One question is where tourists would sleep, as the ISS doesn’t exactly have a ton of vacancies. To that end NASA recently reached an agreement with Houston company Axiom Space to build a commercial segment and attach it to the ISS. Parts could launch as early as 2024, and would be Axiom’s first steps toward assembling its own private space station—one featuring designer interiors and wi-fi. Axiom hopes to start offering 10-day stays on the ISS next year, according to its website. It doesn’t list a price but NASA spaceflight reports that the company signed a contract with a customer last year worth $55 million.
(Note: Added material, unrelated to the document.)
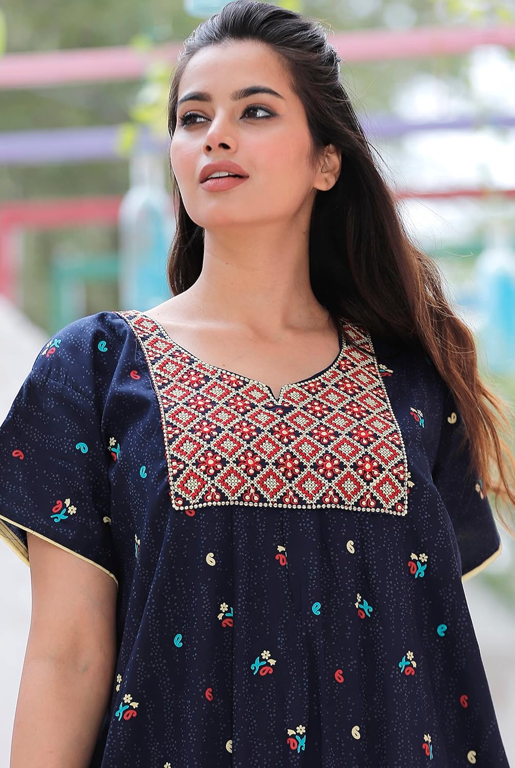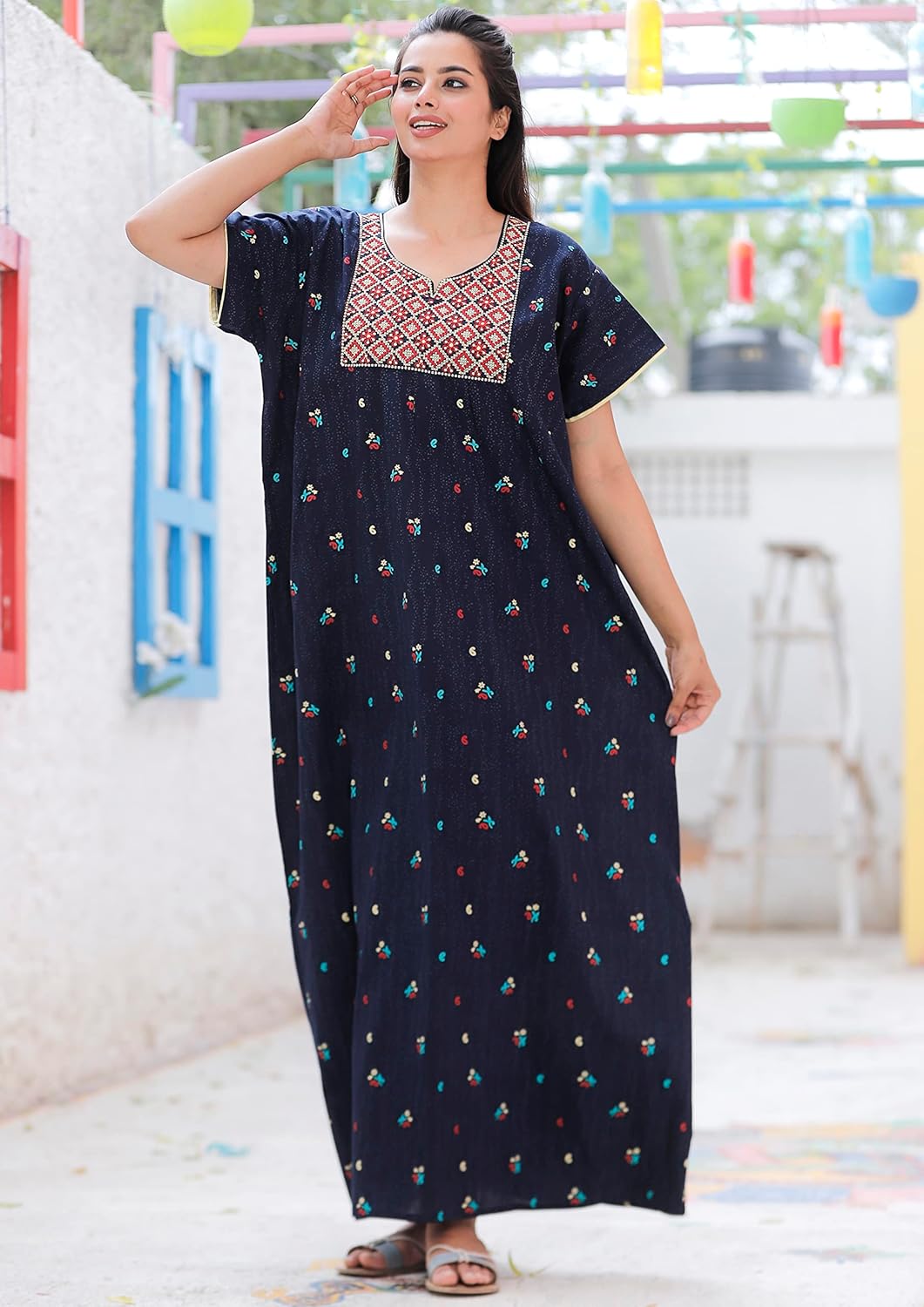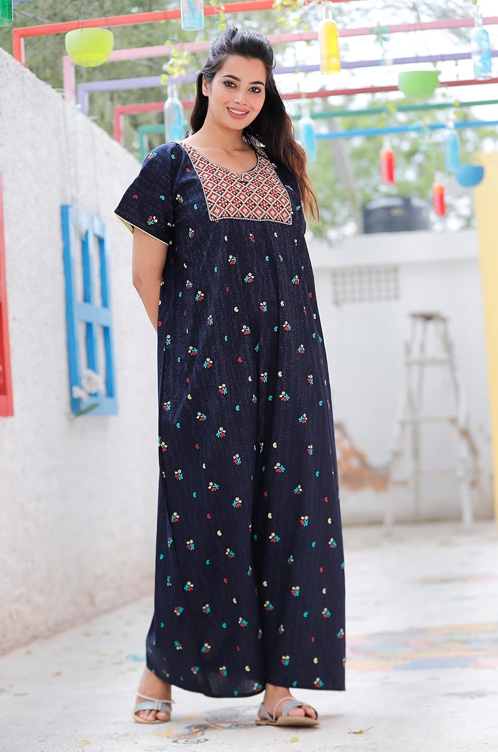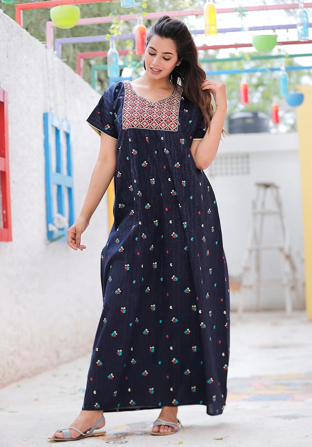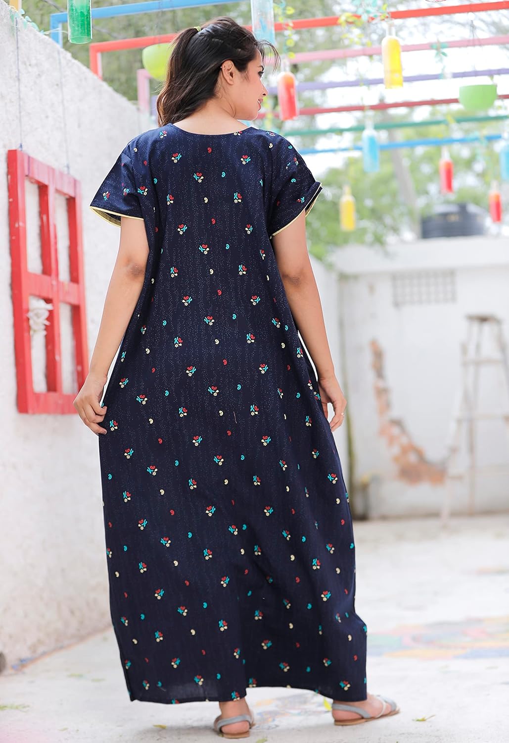 Customers find the nightgown to be of good quality, with no color bleed during washing, and one customer notes it’s made of pure cotton. The nightgown receives positive feedback for its design, comfort, and value for money. The fit is excellent, though opinions about sizing are mixed, with some finding it good while others say it’s not correct.

Challenging Axiom in the private space station arena could be a company called Orion Span, which aspires to open the doors of its Aurora space station in 2022. A 12-night excursion will reportedly cost $9.5 million—a true bargain considering that it includes the launch price (rocket TBD). No word lately if Orion Span is on track to meet its 2021 launch goal, but the website accepts fully refundable $80,000 deposits in USD, Bitcoin, Ethereum, and other cryptocurrencies. Don’t lose that receipt.
To the moon and beyond
If you’re planning a trip beyond low earth orbit in the foreseeable future, your name is probably Yusaku Maezawa. In 2018 SpaceX founder Elon Musk revealed that Maezawa, the billionaire founder of Japanese fashion site Zozotown, had booked a trip to fly around (note: not “to”) the moon on the Starship rocket—Musk’s vision for a heavy lifting, fully reusable system that will service orbit, the moon, and Mars.
Starship is currently under rapid development, with SpaceX producing many simple prototypes as it moves toward its first orbital flight. Neither Maezawa nor SpaceX has said how much he’ll be paying for the historic week-long flight, but Musk has said that Maezawa’s support has contributed to development costs, which he estimates at $2 to $10 billion. Maezawa recently stepped back from his retail company, selling a controlling stake for $2.6 billion—in part to allow more time to train for the moon mission, Forbes reports.
But if all those destinations are too rich for your blood, there’s always Mars. Building a million-person city will be an all-hands-on-deck enterprise, and Musk has long said he aims to get one-way ticket prices down to a modest $500,000 so that middle class folk can afford to sell their homes and join the Martian workforce. Or, failing that, you can always take out a loan and work it off through indentured servitude.